Accenno un sorriso e mi alzo in piedi, distanziandomi dalla ragazza ormai più morta che viva. «Come no» sussurro, cercando di non farmi sentire da Laila, che si sta avvicinando a me in tutta la sua maestosa bellezza. Ecco, un’altra cosa che non mi meritavo era essere carina. Carina e basta. Con un’amica così che se Gigi Hadid la vedesse, le si inchinerebbe di fronte. La vita è ingiusta. Dà troppo ad alcune persone e troppo poco ad altre.
«Vieni, ti presento alcune persone» mi stringe il polso e mi porta chissà dove. Mi lascio guidare, perché non ho affatto voglia di replicare. Così mi ritrovo in una saletta privata del locale, comunque asfissiante e affollata, che neanche le Chiese durante la messa di Natale. «Rain, loro sono Michael, Luke ed Ashton. Calum lo conosci già» dice, indicandomi i quattro ragazzi di fronte a me, di cui ho già dimenticato i nomi, eccetto quello di Calum, una delle tre persone conosciute a Settembre, insieme a Laila e Sasha.

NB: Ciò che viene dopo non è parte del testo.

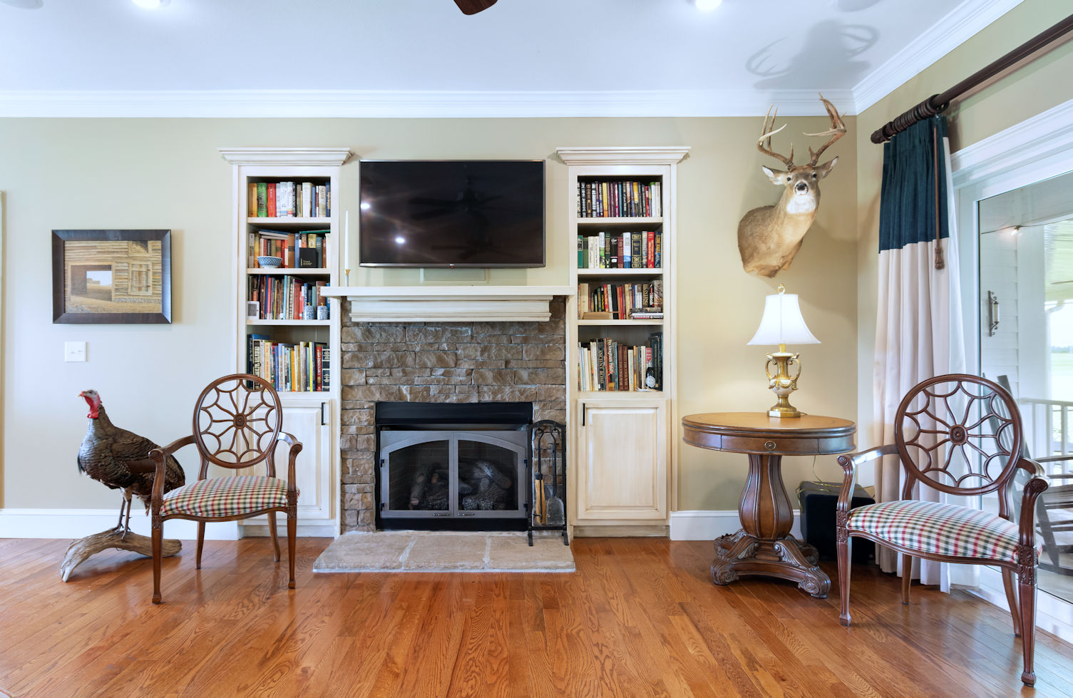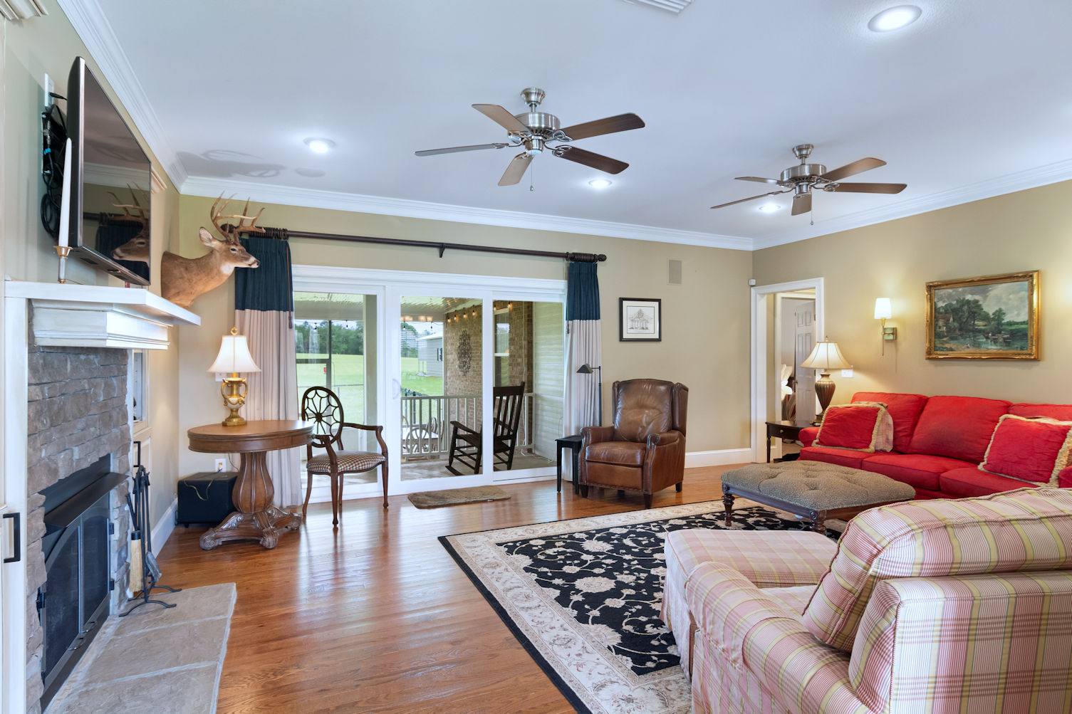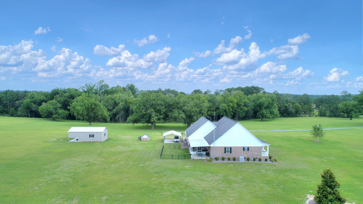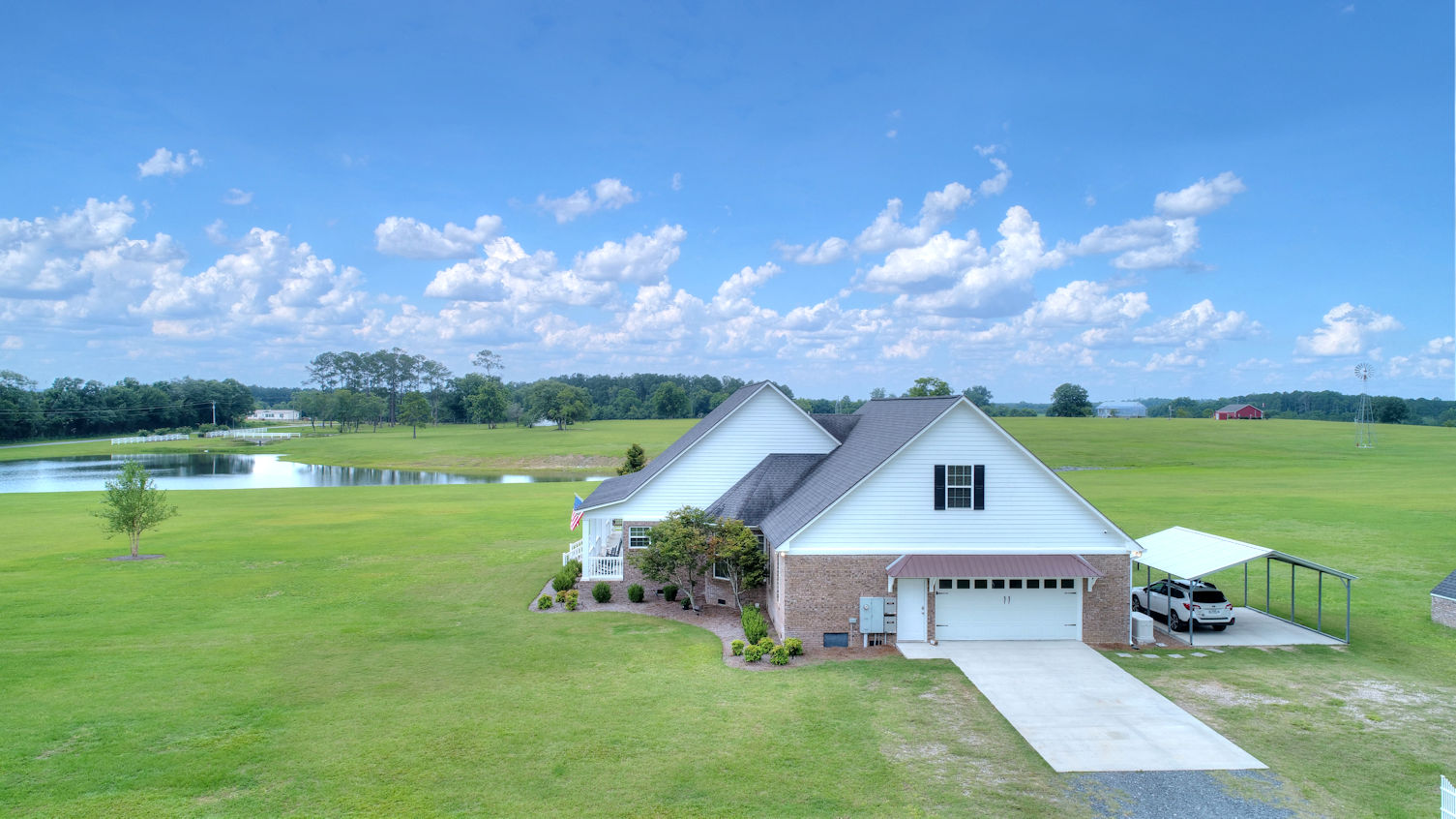 A beautifully appointed kitchen features custom cabinetry, granite countertops, double ovens and a central island.� The primary bedroom is a tranquil retreat, complete with an ensuite bathroom. Additionally, the farmhouse includes three more well-appointed bedrooms and two additional bathrooms.

«Piacere» uno dei ragazzi, con i capelli biondi e gli occhi azzurri, mi porge la mano, che stringo velocemente.
«Piacere mio» dico al ragazzo, tanto bello che potrebbe benissimo essere preso per Apollo.
«Dieci, nove, otto…» sentiamo urlare dall’altra stanza. Alzo gli occhi al cielo e spero che Dio mi mandi una gioia, o che magari Zeus mi fulmini, uccidendomi prima di cominciare un altro anno di merda.
«Come hai detto che ti chiami?» chiede uno dei ragazzi, avvicinandomisi anche troppo per i miei gusti.
«Non l’ho detto.»
Ridacchia, per poi porgermi la mano. «Sono Michael.»
«Lo so» in realtà, no. Credevo lui fosse Alcol. No, forse nessuno di loro si chiama Alcol. Ma chi se ne frega.
«Come ti chiami, quindi?»
«Cinque, quattro, tre…» continuano ad urlare dall’altra stanza, biascicando i numeri, visto tutto l’alcol ingerito. Più di uno nella folla si confonde, e urla altri numeri a casaccio, come “dodici”, “venticinque”, “settecentosessantasei”.
«Rain.»
«Buon anno nuovo, Rain!» alza il suo bicchiere di plastica al cielo, facendo dondolare così tanto il liquido al suo interno che mi finisce in testa.
«Che schifo» dico solamente.
Che il 2017 cominci. Facendo schifo.



~ Questa storia è stata scritta tra il 2016 e il 2017.